Understanding the Transparency in Frontier Artificial Intelligence Act
The Transparency in Frontier Artificial Intelligence Act provides a specific regulatory process for companies that create sophisticated AI systems with societal, economic, or national security implications. Covered developers are required to publish an extensive safety and transparency policy that details how they navigate risk throughout the artificial intelligence lifecycle. The act requires developers to notify the government of any significant incidents or failures with their deployed frontier models on a timely basis.
A significant aspect of the TFAIA is that it establishes the concept of "process transparency", which does not explicitly control how AI developers create their models, but rather holds them accountable for their internal safety governance by mandating that they develop Documented safety frameworks that outline risk assessment, mitigation, and monitoring processes. The act allows developers to protect their trade secrets, patents, and national defense concerns by providing them with limited opportunities for exemption and/or redaction of their documents so that they can maintain a balance between data openness and safeguarding sensitive information..

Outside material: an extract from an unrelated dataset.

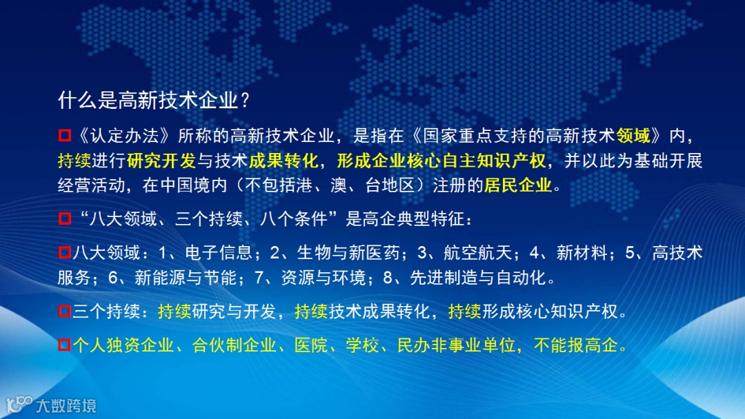 是指在《国家重点支持的高新技术领域》内,持续进行研究开发与技术成果转化,形成企业核心自主知识产权,并以此为基础开展经营活动,在中国境内(不包括港、澳、台地区)注册的居民企业。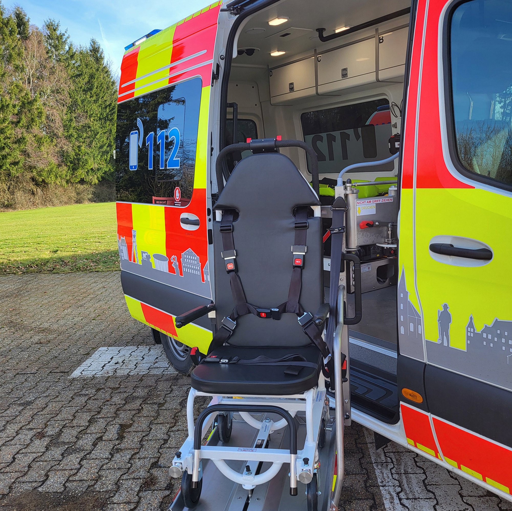 Zur Ausstattung der neuen Fahrzeuge gehören unter anderem eine hydraulische Fahrtrage für ein sicheres Be- und Entladen, ein ergonomischer Tragestuhl mit integriertem Liftsystem zum komfortablen und rückenschonenden Transport und ein kompakter, aber vollwertiger Defibrillator und Patientenmonitor zur medizinischen Überwachung.

Extraterritorial Impact on Global AI Developers
While the Act is a state law, its implementation has far-reaching effects. Many of the largest AI companies have facilities, research labs or customers in California. Therefore, to be compliant with the TFAIA, these companies are required to do so commercially. The ability to develop a unified compliance model across regions enables companies to avoid developing duplicate compliance models.

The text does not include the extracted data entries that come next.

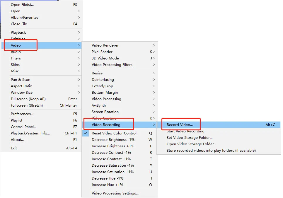 4. Record the videoRight click → Video → Video Recording → Record Video (Select file storage location and set video parameters, click “Start” to record the video)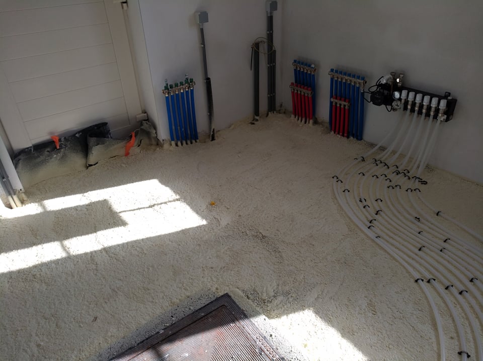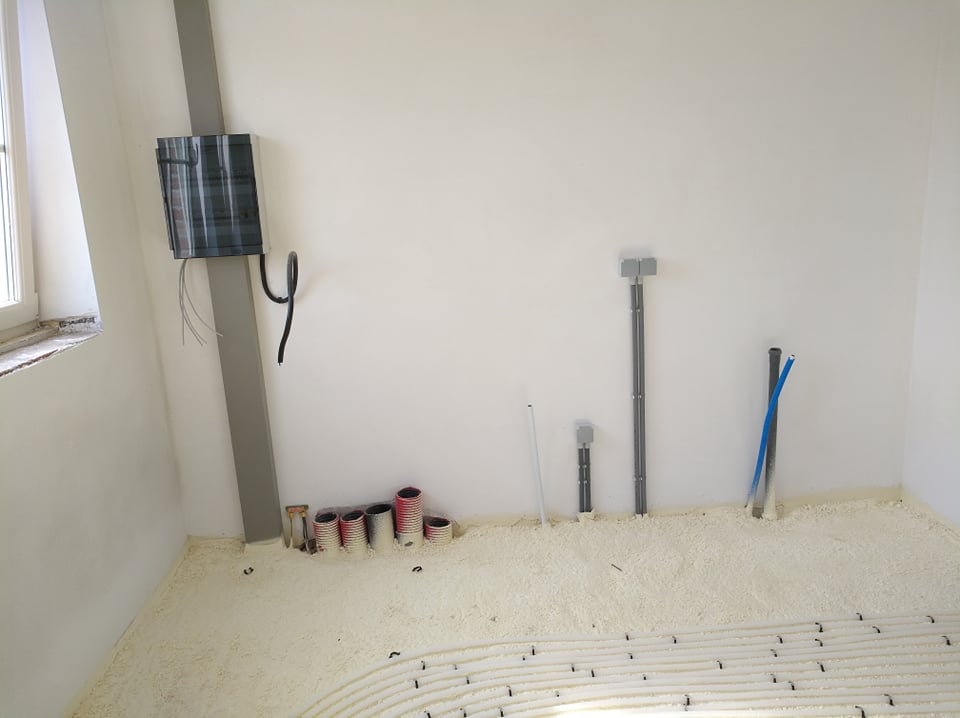 Chape isolante, chauffage par le sol et suite de l'électricité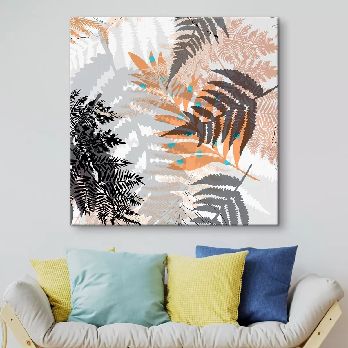 Gemälde dschungel-Laub, moderner Stil, Linienkunst, geschichtete Pflanzen, gedeckte Farben, Natur Art. s45102

This same pattern has occurred in other regulatory areas, like data protection regulations; where a region's regulations effectively became global compliance benchmarks for that regulatory area. The TFAIA could similarly serve as a global standard for transparency in frontier AI and shape how companies build their governance structure globally even if they don't have explicit regulations in the regions where they operate.
Influence on International AI Regulatory Models
The TFAIA offers a unique perspective on global discussions about regulating AI. In contrast to other legislation which defines different levels of risk depending on the type of AI, the TFAIA targets specifically high-impact or emerging technologies. Other nations may see value in this model of tiered regulations based on capability and apply it for their own regulation of AI, with the strictest obligations placed on those with the most critical potential harm.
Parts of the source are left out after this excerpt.